Column Header Values:
- Maximum length: 300 characters
- Cannot begin with number characters. Columns beginning with number characters will be prepended by an underscore. For example, the column name 1_address will be converted to _1_address.
- Allowed characters: Letters (a-z, A-Z), numbers (0-9), and underscores.
- Spaces and non-alphanumeric characters in column names are converted to underscores. Leading and trailing spaces are trimmed.
  Note: If you are using a GCS connection, replace any spaces in the file path with %20. For example, you would replace source /file source.csv with source%20/file%20source.csv.
- Column names must be unique (case-insensitive).
- Column names cannot include any of the following prefixes:
  - _TABLE_
  - _FILE_
  - _PARTITION_
  - _ROW_TIMESTAMP_
  - __ROOT__
  - _COLIDENTIFIER_
- Column names cannot be the following exact name: NO
Column Data Values:
- Data type:
  - BigQuery datasets: See Requirements for BigQuery
  - Snowflake datasets: all types supported by Snowflake
  - All other datasets: string only
    Note: Tamr Cloud converts all data to to string
- Format: UTF-8, Windows 1252
- Double-quoted values are allowed.
- Data in each row must map to the header columns
Supported Date and Time Formats:. Tamr supports all combinations of the following:
- Date formats:
  - yyyy-MM-dd
  - dd.MM.yyyy
  - d.MM.yyyy
  - dd/MM/yyyy
  - d/MM/yyyy
- Time formats:
  - HH:mm
  - HH:mm:ss
  - HH:mm:ss.SSS
- Time format postfixes:
  - none
  - Z
  - X
  - XXX
  - 'XXX'
- Date-time delimiters:
  - space (" ")
  - 'T'

Supported date and time examples:

yyyy-MM-dd
dd.MM.yyyy
yyyy-MM-dd HH:mm:ss
yyyy-MM-dd'T'HH:mm:ss
yyyy-MM-dd'T'HH:mm:ss.SSS
yyyy-MM-dd'T'HH:mm:ss.SSSX
yyyy-MM-dd'T'HH:mm:ss.SSSXXX
yyyy-MM-dd'T'HH:mm:ss.SSS'XXX'

Requirements for Source Files

Note: For file upload, only CSV format is supported.

File size limit:
- 20GB per file added through AWS S3, Google Cloud Storage, or other connected cloud storage location
- 500 MB per uploaded file
File formats:
- Avro
- CSV (.csv)
- Delta Lake
- New-line delimited JSON (NDJSON)
- Parquet
Specific to CSV files
- Delimiters: Any single-character delimiter such as comma, semi-colon, and pipe. Space-based delimiters such as space and tab are not supported.
- Row separators:
  - Newline
  - Carriage return followed by a newline
Specific to Delta Lake sources
- Ensure the version of the Delta table protocol you are using is compatible with Tamr Cloud. You can ensure compatibility by using only features supported by Delta table basic functionality, as described in the Table Protocol Versioning Delta Lake Documentation. Tamr is compatible with the following:
  - minReaderVersion: 1
  - minWriterVersion: 2
- Additionally, if using Databricks ensure the enableDeletionVectors setting is disabled at the workspace level.
Specific to GCS sources:
- The filepath for GCS sources cannot include colons.
Specific to Parquet sources:
- For Parquet files, Tamr does not support datetime fields that have been generated using INT96 data type.

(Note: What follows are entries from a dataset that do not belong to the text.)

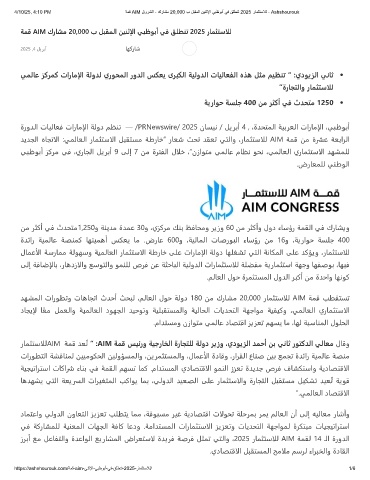 4/10/25, 4:10 PM ﺔﻣﻗ AIM قورﺷﻟا - كرﺎﺷﻣ 20,000 ب لﺑﻘﻣﻟا نﯾﻧﺛﻹا ﻲﺑظوﺑأ ﻲﻓ ﻖﻠطﻧﺗ 2025 رﺎﻣﺛﺗﺳﻼﻟ - Ashshourouk
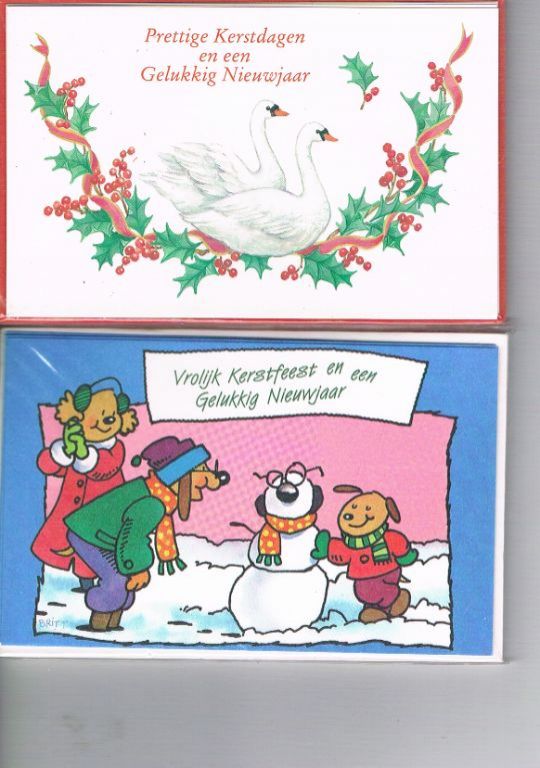 Scan 12: huizen met paard en wagen en mensen en tekst op groene achtergrond. Scan 13: 3 huizen met sterren op blauwe achtergrond en 2 huizen in de sneeuw met sparren. Scan 14: 2 witte zwanen en 3 personen met sneeuwpop.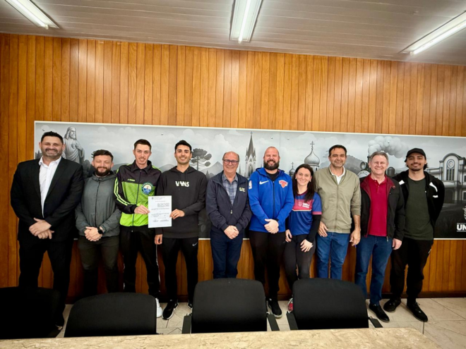 O prefeito de União da Vitória, Ary Carneiro Junior, entregou aos educadores físicos da Secretaria Municipal de Esportes a Lei nº 5.242/2025, que altera o nível inicial de vencimento do cargo de Educador Físico, equiparando o salário desses profissionais aos demais educadores físicos que atuam no município.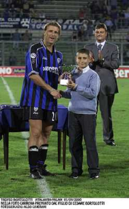 TROFEO BORTOLOTTI ATALANTA- MILAN 01/09/2000 NELLA FOTO CARRERA PREMIATO DAL FILGLIO DI CESARE BORTOLOTTI FOTOSERVIZIO ALDO LIVERANI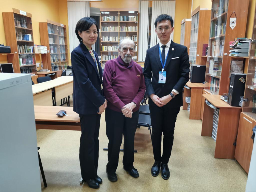 座谈结束后,调研团组同学分两组观摩梁赞国立大学孔子学院的课堂教学,分别是俄方扎普鲁德诺娃老师讲授的初级班汉语课程和中方志愿者教师魏榕辰讲授的高年级汉语实践课程。两位老师教学经验丰富、了解俄罗斯学生的特点、讲授内容生动形象,课堂气氛活跃。与此同时,乔蕊老师、刘治宸同学则在单妮娜院长陪同下拜访了梁赞国立大学德高望重的雅·玛·科尔格尔教授,他在梁赞国立大学孔子学院发展中发挥了重要的作用,双方进行了友好亲切的会谈。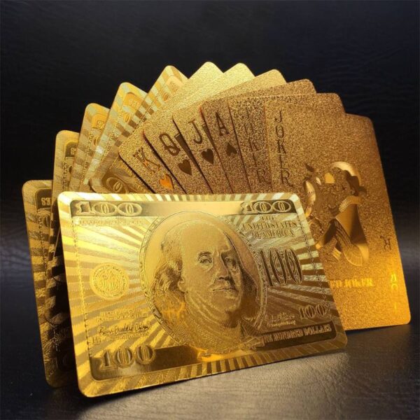 ورق لعبة البوكر كازينو المطلي بـللون الذهبي بتصميم جميل ” ورق دولار الامريكي ” .

Requirements for Source Database Tables and Views

Table size limit: 20 GB

Note for Snowflake sources: Snowflake treats all numeric values as 128-bit integers (Int128). Tamr Cloud supports up to 64-bit integers (Int64), and automatically converts numeric values to Int64. If your data includes numeric values over Int64 and you need to preserve precision above Int64, covert these values to strings in your downstream systems before loading the data into Tamr Cloud.

About Primary Keys

A primary key is a single field that uniquely identifies a record in a source dataset.

Primary keys are unique and stable over time:

Unique: each primary key appears only once in the dataset.
Stable: the key for a given record does not change over time.

Tamr suggests the primary key to be meaningful to the data, as this reduces the likelihood of breaking changes upstream. For example, if there is a designated primary key in the source system, it may be best to use this as the primary key, rather than another unique key.